_Task details_
Down to the last line, restate the records below word for word, dropping every image.

Recorded information section start

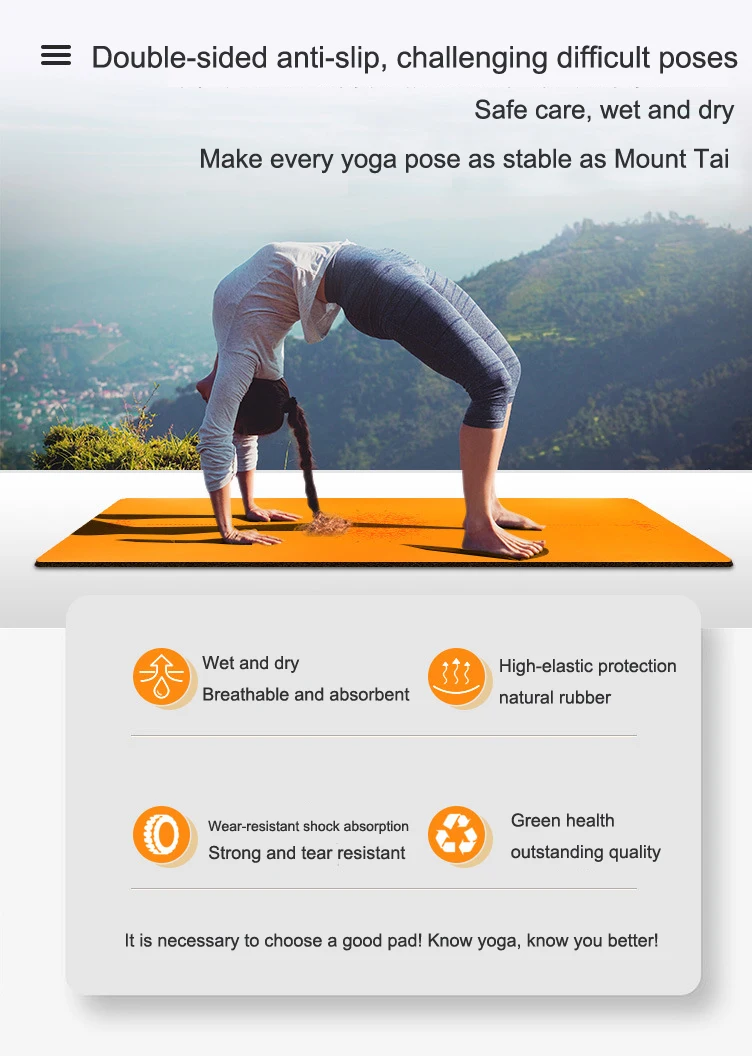 Экологичный нескользящий коврик для йоги из натурального каучука, 5 мм, двухслойный, для начинающих, экологичный, для фитнеса, гимнастики, большой коврик для йоги
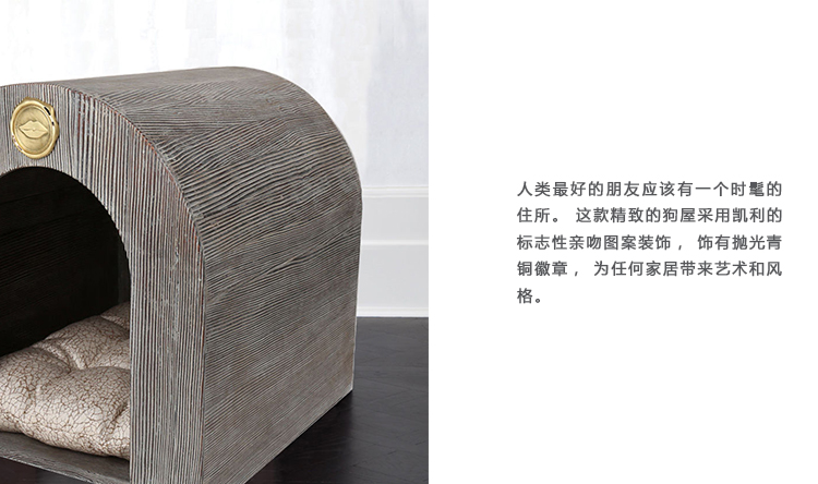 人类最好的朋友应该有一个时髦的住所。 这款精致的狗屋采用凯利的标志性亲吻图案装饰,饰有抛光青铜徽章,为任何家居带来艺术和风格。
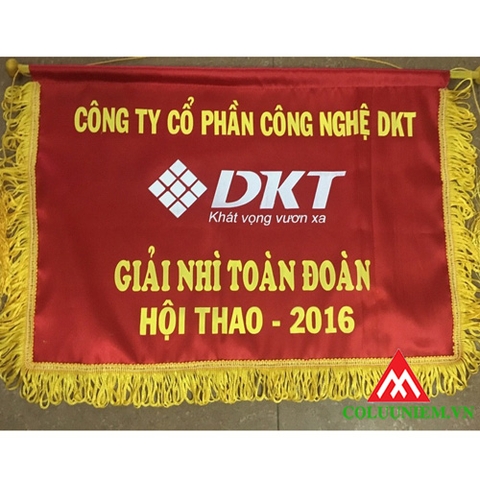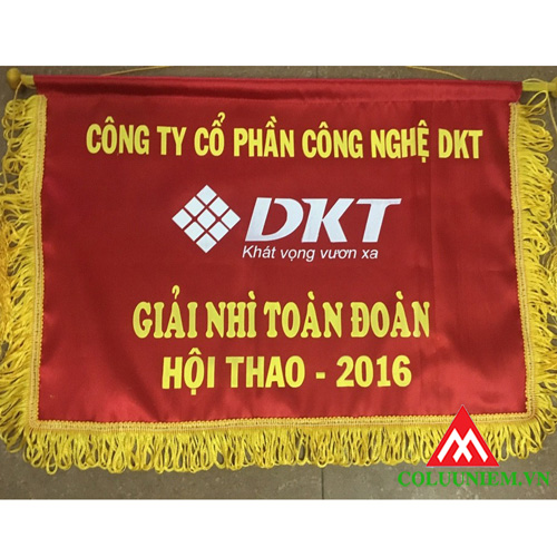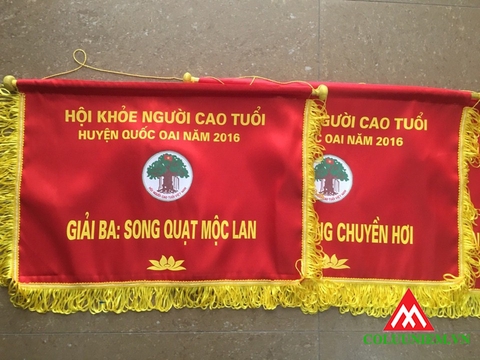 Cờ in logo của khách màu trắng, cho nổi bật trên nền đỏ
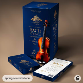 Tall navy blue packaging featuring a violin and ornate gold detailing.
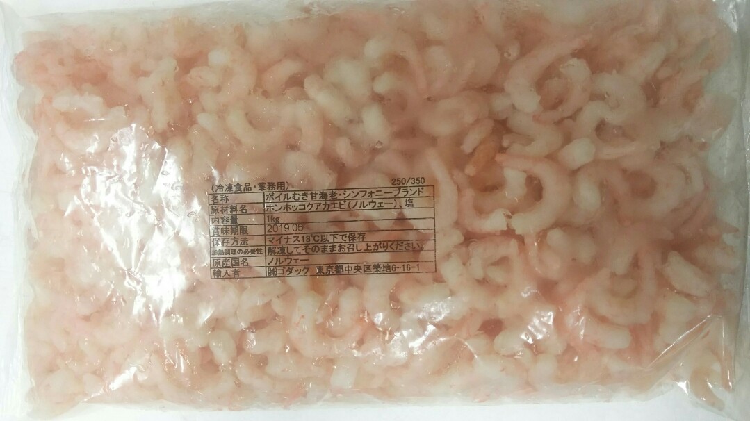 ボイルむき甘海老(シンフォニーブランド)1kg(600-700個)×8P(P2600円税別) 業務用 ヤヨイ ゴダック
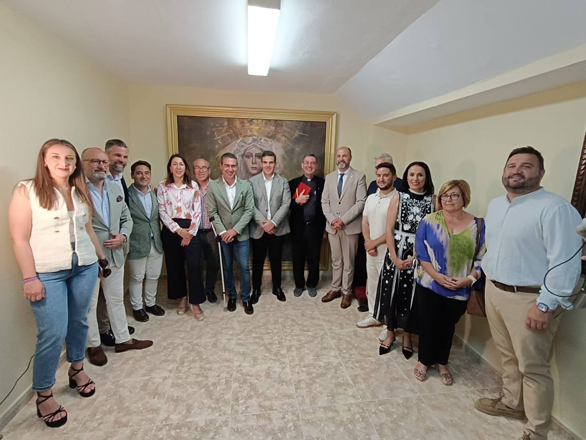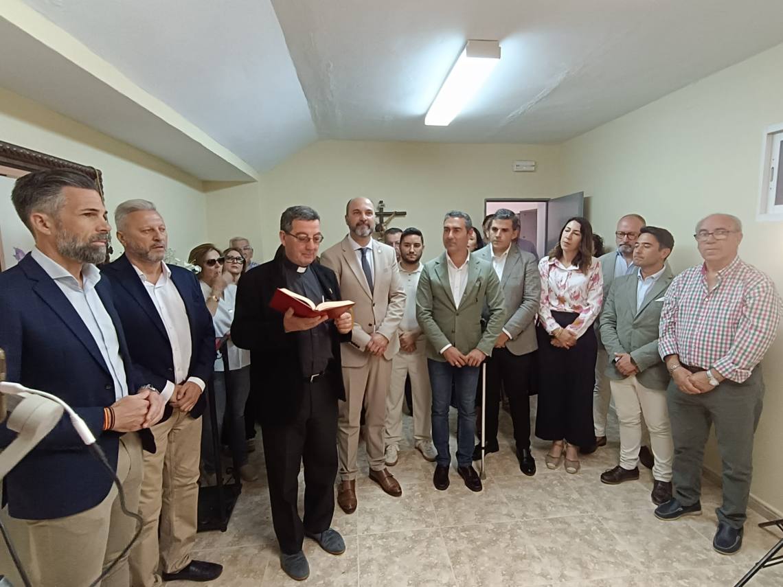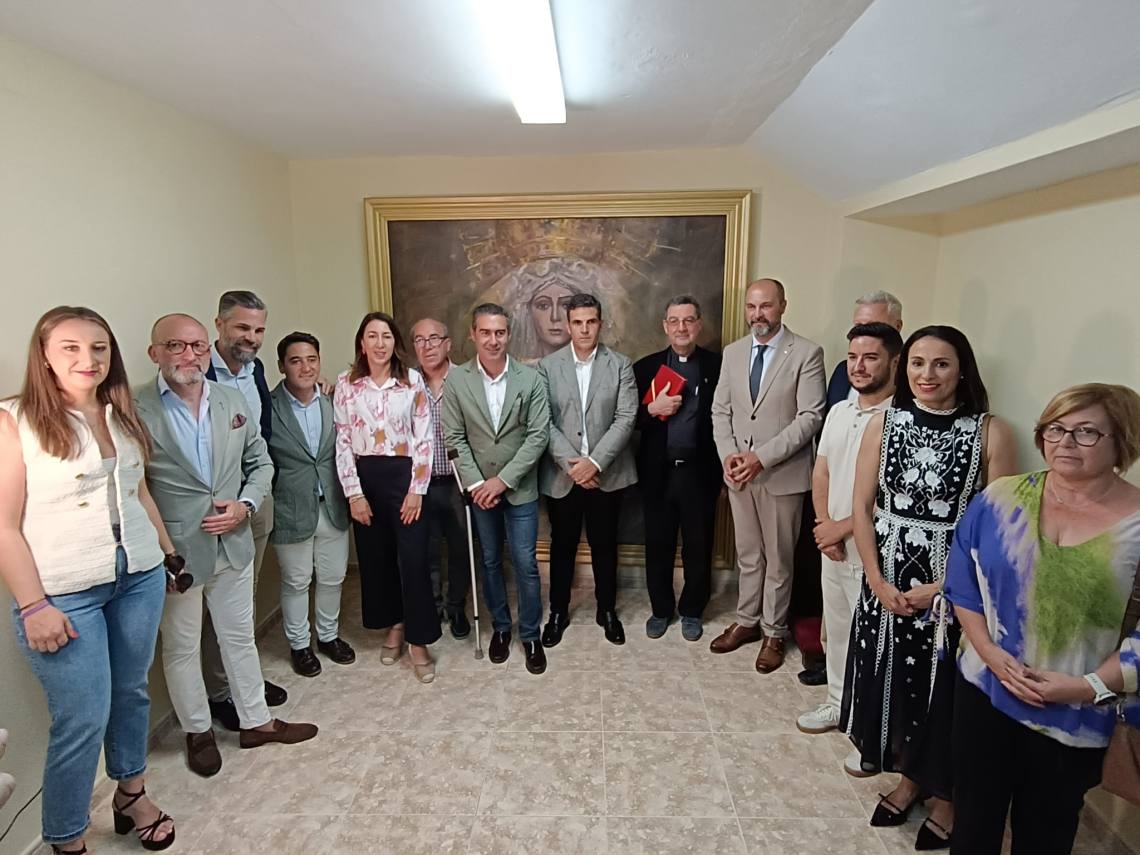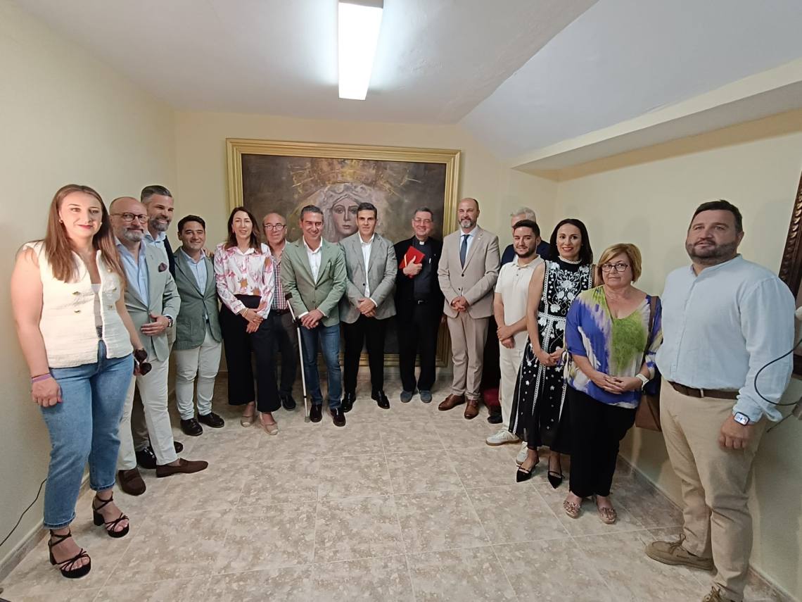El alcalde de Los Barrios, Miguel Alconchel; el delegado de Seguridad Ciudadana, Antonio Dávila; y el edil de Obras y Servicios, José Antonio Gómez; junto a concejales del equipo de gobierno y de la Corporación Municipal y el empresario de la plaza, Juan Antonio Medina, han asistido al acto de bendición del cuadro de la Esperanza Macarena, creado por el artista local Bernardo Martínez, en la capilla de la plaza de toros de La Montera.
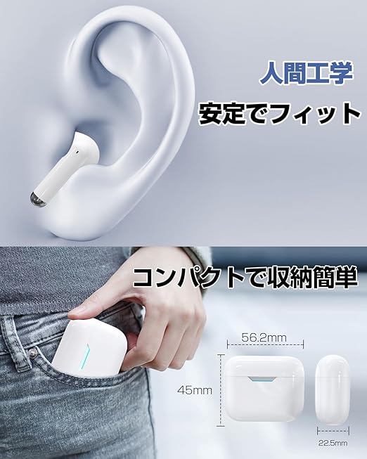 【2024進歩究極モデル】ワイヤレスイヤホン bluetooth イヤホン ワイヤレス イヤフォン hi-fi音質 & 重低音 片耳 蓋を開け自動接続 EDR ダブルマイクENC CVC8.0通話ノイズキャンセリハンズフリー通話 AAC/SBCコーデック 無線 インナーイヤー タイプc充電 OVP タッチ 左右分離 フィット 音量調整/siri 日本語音声/説明書 通勤通学 a

Recorded information section end

_Written solution_
 Экологичный нескользящий коврик для йоги из натурального каучука, 5 мм, двухслойный, для начинающих, экологичный, для фитнеса, гимнастики, большой коврик для йоги
 人类最好的朋友应该有一个时髦的住所。 这款精致的狗屋采用凯利的标志性亲吻图案装饰,饰有抛光青铜徽章,为任何家居带来艺术和风格。
 Cờ in logo của khách màu trắng, cho nổi bật trên nền đỏ
 Tall navy blue packaging featuring a violin and ornate gold detailing.
 ボイルむき甘海老(シンフォニーブランド)1kg(600-700個)×8P(P2600円税別) 業務用 ヤヨイ ゴダック
El alcalde de Los Barrios, Miguel Alconchel; el delegado de Seguridad Ciudadana, Antonio Dávila; y el edil de Obras y Servicios, José Antonio Gómez; junto a concejales del equipo de gobierno y de la Corporación Municipal y el empresario de la plaza, Juan Antonio Medina, han asistido al acto de bendición del cuadro de la Esperanza Macarena, creado por el artista local Bernardo Martínez, en la capilla de la plaza de toros de La Montera.
 【2024進歩究極モデル】ワイヤレスイヤホン bluetooth イヤホン ワイヤレス イヤフォン hi-fi音質 & 重低音 片耳 蓋を開け自動接続 EDR ダブルマイクENC CVC8.0通話ノイズキャンセリハンズフリー通話 AAC/SBCコーデック 無線 インナーイヤー タイプc充電 OVP タッチ 左右分離 フィット 音量調整/siri 日本語音声/説明書 通勤通学 a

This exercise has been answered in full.